Courtesy Reuters

South African Swing-over

IN MAY last, the Union of South Africa went to the polls to decide, in the last analysis, whether it would entrust its government for a new period to Field Marshal Smuts and his United Party. This was not a decision for or against liberalism: it was a decision between racial tolerance and good will on the one hand and a reactionary color policy on the other. To the complete surprise of all concerned the Nationalist and Afrikaner Parties -- the coalition opposing Field Marshal Smuts -- managed to secure a majority of five over all other parties in a House of 153. No leading politician or political observer in South Africa predicted this result. It came as a surprise not only to Field Marshal Smuts and his followers, but to the successful Nationalists as well. Dr. Malan, the newly appointed Prime Minister, took several days to form his Cabinet, so little prepared was he for power.

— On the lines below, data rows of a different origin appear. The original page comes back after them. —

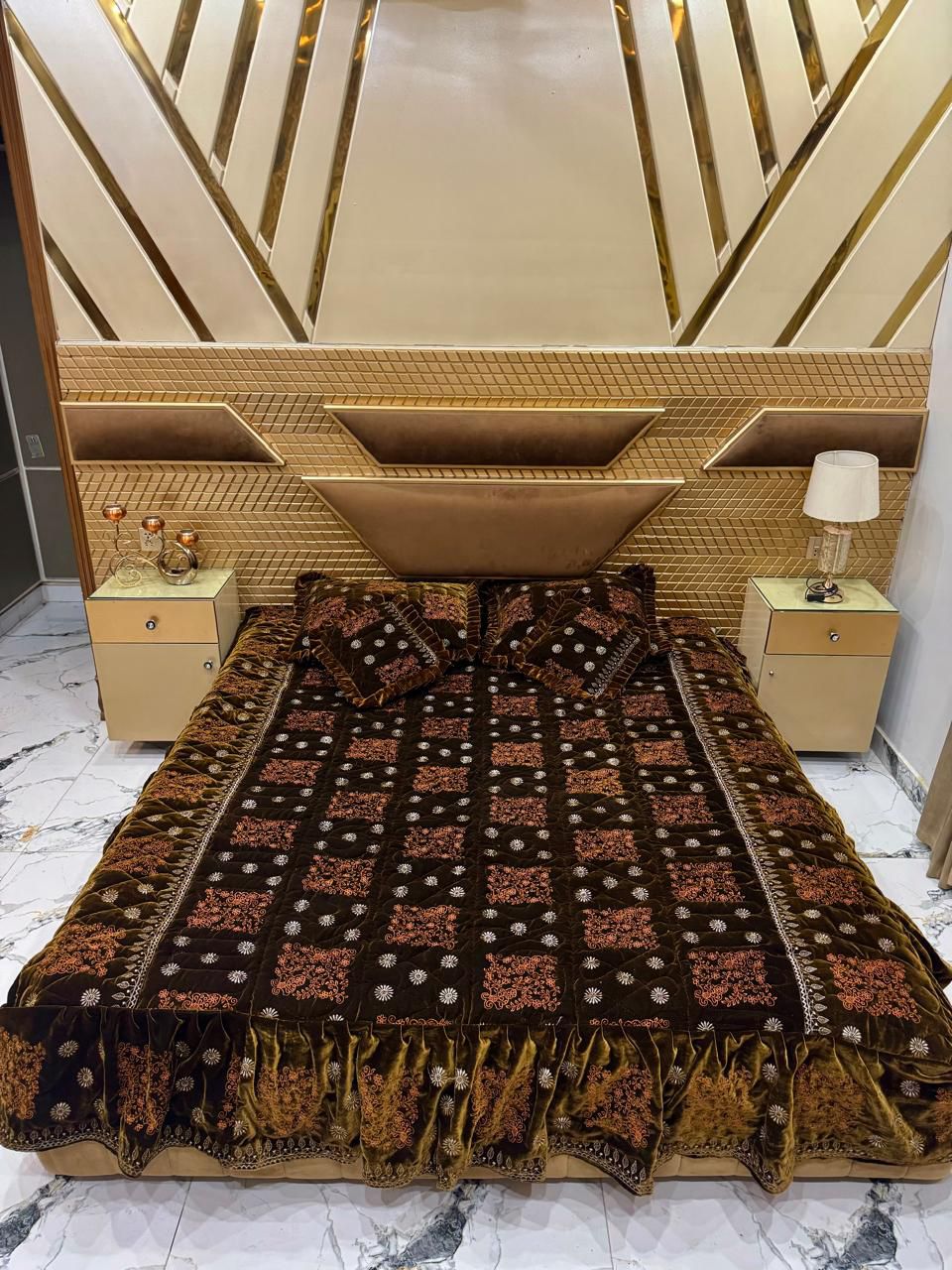 Design 110 - Fancy Bridal Velvet Bed Sheet Set Beautifull Design - Full Bed Sheet Set - Cushions Set - Pillow Set
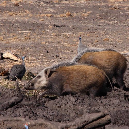 Description: A domestic pig-like animal, weighing around 100 kg and measuring 70 cm over the shoulder. It has a compact body and long, thin legs. Coat long and bristly with a long dorsal whitish crest, erected when the animal is excited. General colour reddish brown to bright rufous or dark grey to brownish black. The ears have terminal tassels of long hairs, characteristic to the species. The tusks are very sharp, but short, looking a bit like those of the European Wild Boar.
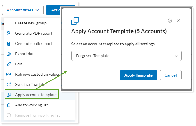 In the Actions list, select Apply account template.
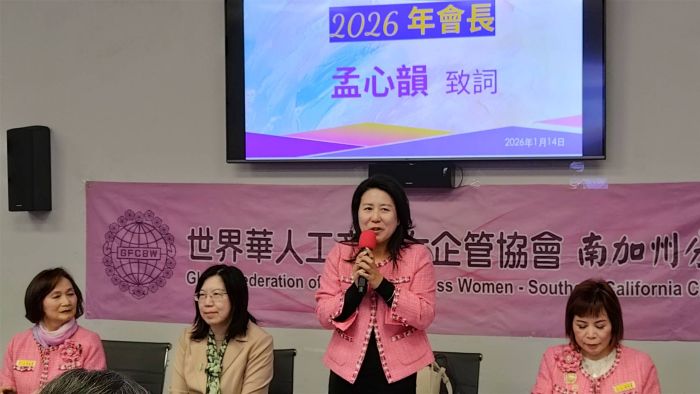 (記者林蓮華/洛杉磯報導) 世華南加州分會(GFCBW-SCC)於2026年1月14日(週三)在洛僑中心正式啟動新篇章,2026年新任會長孟心韻以「心聚世華、韻動共行」作為年度主軸,介紹團隊名單,並且宣佈第九届「金冠獎」選拔即日起開放報名至1月26日截止,同時還報告未來一年計劃,宣佈將於2026年2月28日(週六)在聖蓋博喜來登大飯店(Sheraton LA San Gabriel )舉辦「第35週年慶暨會長交接典禮」進行第 27、28 屆會長交接儀式,並且揭曉2026年「金冠獎」得主,象徵世華精神的薪火相傳。
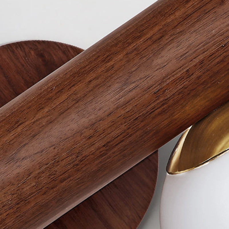 This Nordic-inspired 2-light wall sconce features a warm walnut rubberwood finish with elegant glass globes and a clean cylindrical design. With high light transmittance and easy-to-clean materials, it's perfect for modern bedrooms, hallways, or cozy living rooms.
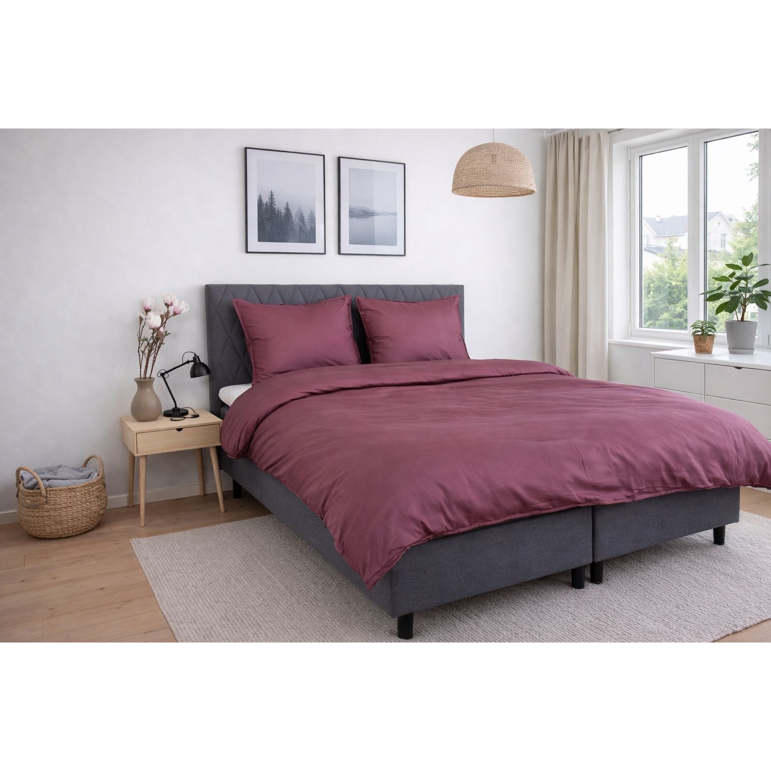 Det ensfarvede design i bordeaux giver et roligt, elegant og tidløst udtryk, der passer ind i enhver indretning. Dynebetrækket lukkes med lynlås, mens pudebetrækket har overlap, hvilket sikrer en pæn finish og god funktion i hverdagen.
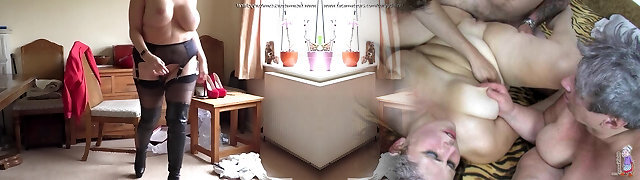 MATURE4K. Fatty mature is quickly banged by inept guy on the grey bed
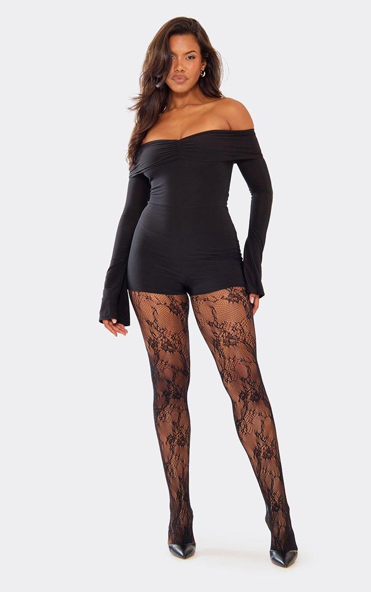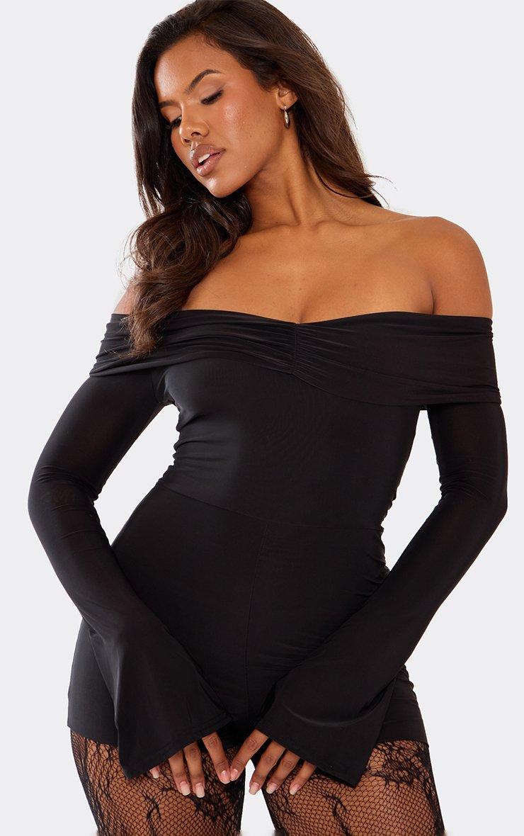 Long Flared Sleeve Bardot Ruched Front Playsuit In Black
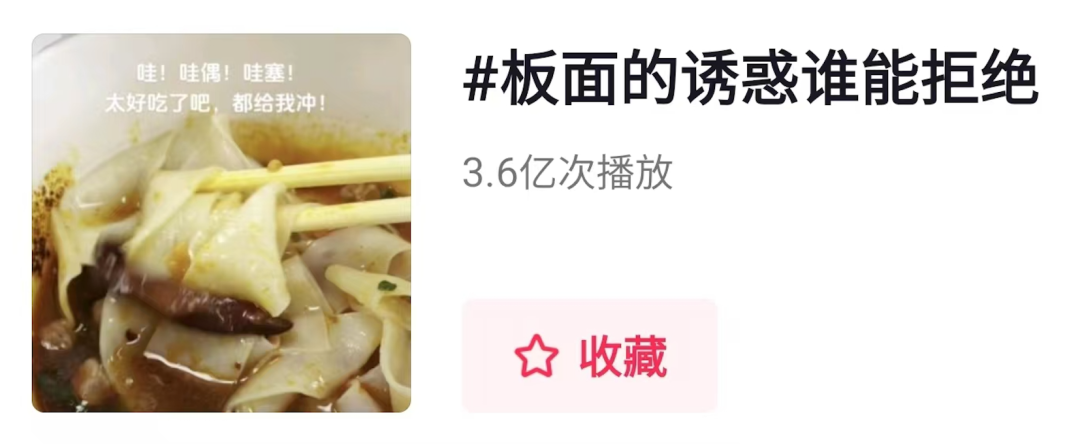 在抖音等社交平台上,有超過200多萬人在討論這款板面的最佳吃法,包括泡水時長、温度、甚至伴侶搭配等等,甚至捧出了播放量超3.6億的 #板面的誘惑誰能拒絕# 抖音熱門話題。

Does this change of government mean a permanent swing-over in South African politics? Will the new Government be able to maintain itself in office? At present it holds 79 seats out of 153 in the House of Assembly, but only 12 seats out of 44 in the Senate. So far as the House of Assembly itself is concerned, the successful parties polled considerably fewer votes than Field Marshal Smuts and his supporters. The small majority which they obtained in the Assembly was one of the consequences of the system by which rural constituencies may return a member on the basis of a total voting population as much as 30 percent below that of an urban constituency. As the Smuts supporters were strongest in the towns and the Malan supporters strongest in the country districts, it happened that a minority of voters elected a precarious majority of members.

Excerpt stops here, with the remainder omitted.